Task details →
Quote exactly and only this range of lines in the data below: the line that holds "- 欲しいカードを選び、右下の「虫眼鏡+マーク(拡大)」をタップします。" to the line that holds "Biglietto di auguri", both included.

Provided data →

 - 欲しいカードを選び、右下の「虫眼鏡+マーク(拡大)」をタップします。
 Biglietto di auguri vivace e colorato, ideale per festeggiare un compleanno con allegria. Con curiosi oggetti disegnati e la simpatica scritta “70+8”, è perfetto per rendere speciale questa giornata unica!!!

==

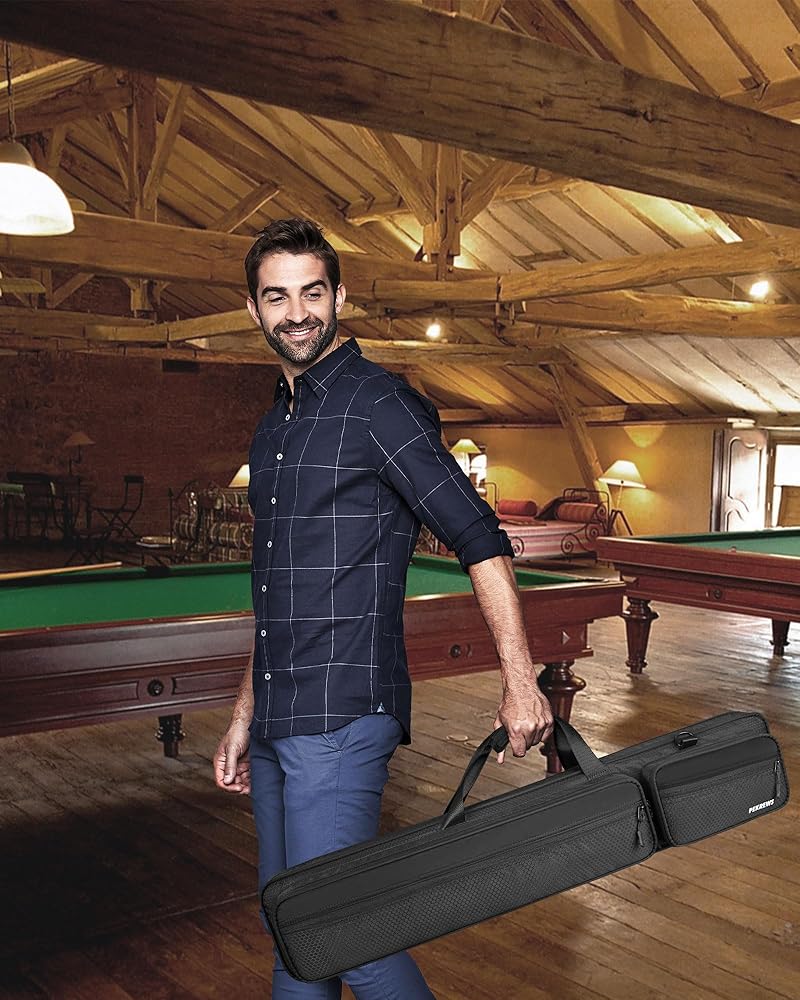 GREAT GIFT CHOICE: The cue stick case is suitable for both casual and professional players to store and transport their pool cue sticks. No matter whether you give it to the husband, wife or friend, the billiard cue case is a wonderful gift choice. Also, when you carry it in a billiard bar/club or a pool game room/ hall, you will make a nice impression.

Response area →
 - 欲しいカードを選び、右下の「虫眼鏡+マーク(拡大)」をタップします。
 Biglietto di auguri vivace e colorato, ideale per festeggiare un compleanno con allegria. Con curiosi oggetti disegnati e la simpatica scritta “70+8”, è perfetto per rendere speciale questa giornata unica!!!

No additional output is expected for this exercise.